Statistical Analysis Baseline Comparison of Patients: Summary statistics (proportions for categorical variables, and means or medians with variances or IQRs for continuous variables) and graphs will be used to detect presence of outliers or unusual observations, and to assess validity of assumptions for statistical tests. Participants will be compared between the two study arms (Intervention communities and control communities) with respect to baseline demographic, clinical and parasitological characteristics. Statistical analysis of the above comparisons for continuous variables will be based on graphs, t-test (or Wilcoxon test), and ANOVA (or Kruskal-Wallis test). Categorical variables will be compared using chi-square tests. All analyses will be performed for the whole population in each arm Primary objective: outcomes of primary objective asymptomatic parasitaemia will be compared over time and between intervention arms using chi-square tests (or fisher exact tests) and logistic regression (or conditional logistic regression). Adjustments for potential confounders including patient's age and use of ITN and baseline temperature will be considered. In addition, these outcomes will also be compared over time using Cochrane Armitage test of trends.

Secondary objectives: symptomatic parasitaemia at the hospitals and symptomatic parasitaemia picked up at the community compared over time and between intervention arms using chi-square tests (or fisher exact tests) and logistic regression (or conditional logistic regression). Comparisons of anaemia in children <15 years across time and study arms will be assessed through Cochrane Armitage test of trends and using chi-square tests (or fisher exact tests) respectively. A binomial logistic regression will be used to test impact of intervention on febrile illnesses.

Data from FGDs and IDI will be analysed using INVIVO ver 12.

The cost benefit analysis will be calculated as follows:

Net Present Value (NPV) = ∑PV of all the Expected Benefits - ∑PV of all the MTTT Associated Costs

Anticipated impact of proposed work

Besides an implementation research, this is also a capacity-development project. The overarching goal of this project is to develop the skills of a multidisciplinary team of researchers and community health workers to improve research through assessing the impact of scaling up MTTT to reduce malaria morbidity and mortality.

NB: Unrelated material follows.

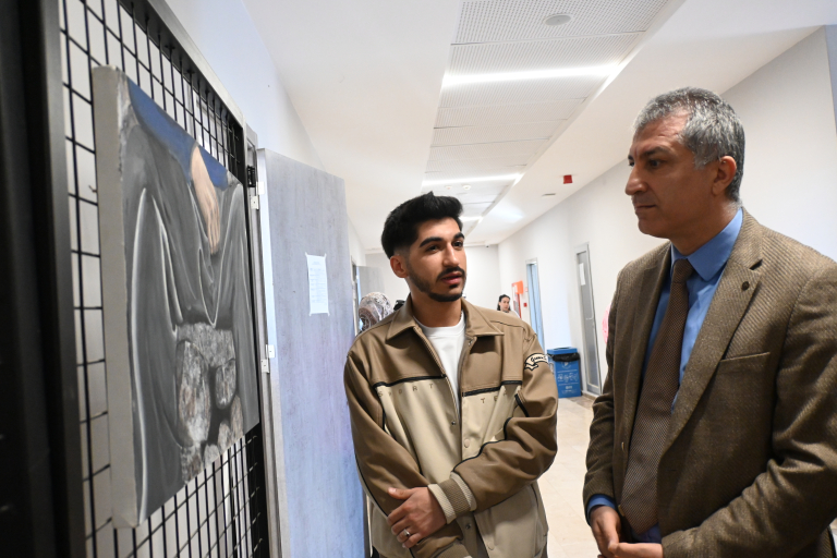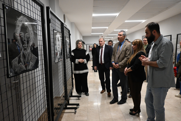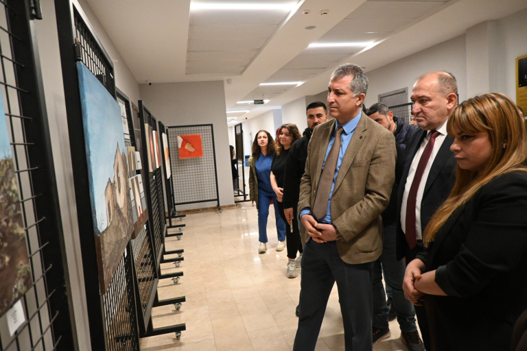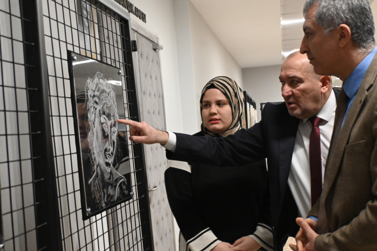 Resim Bölümü öğrencilerinin çalışmalarından oluşan “İzler” adlı karma resim sergisi, 9 Mart Pazartesi günü fakültemiz 1. kat fuaye alanında düzenlenen açılış programıyla sanatseverlerin ziyaretine açıldı. Açılış programına Malatya Turgut Özal Üniversitesi Rektör Yardımcısı Prof. Dr. Orhan Gündüz, STMF Dekanı Prof. Dr. Ersan Çiftci, Dekan Yardımcıları Doç. Dr. Ebru Doğan ve Doç. Dr. Ferdi Karaönçel, Resim Bölüm Başkanı Doç. Dr. Döndü Tülay Özkul ile akademik ve idari personel ile öğrenciler katıldı.

It is intended that this project serve as a bench mark for the development of evidence based guidelines for the scale-up of mass testing, treatment and tracking of malaria in sub-Sahara Africa.

Quality Assurance

In order to ensure the quality of data collected, 20 community health workers will be trained and 14 will be selected for the project. The questionnaires will be pretested and corrections effected. All data collected will be cross checked by two persons in the fields. To avoid loss of data, all data from the field will be record in the data transfer sheet be transfer to the data management unit. All ACTs (AL) and RDTs will be procured from the NMCP through the Eastern Region medical store. The expiry dates for all procurements made will be verified.

• Study Type: Interventional
• Enrollment (Actual): 5861
• Phase: Not Applicable

Contacts and Locations

• Study Contact: Name: Ndong Ignatius Cheng, PhD; Phone Number: +233561817573; Email: Ncheng@noguchi.ug.edu.gh
• Study Contact Backup: Name: Collins S Ahorlu, PhD; Phone Number: +233240439337; Email: Cahorlu@noguchi.ug.edu.gh

Study Locations

• Ghana
  • Greater
    • Accra, Greater, Ghana, +233
      • Noguchi Memorial Institute for Medical Research

Participation Criteria

Eligibility Criteria

• Ages Eligible for Study: 1 year and older (Child, Adult, Older Adult)
• Accepts Healthy Volunteers: Yes

Description

Inclusion Criteria:

1. Overall inclusion criteria for MTTT:

   • Be aged 2 months or older
   • Be resident in the study area
   • Have completed and signed the consent for adults or assent form for children 12-17 years.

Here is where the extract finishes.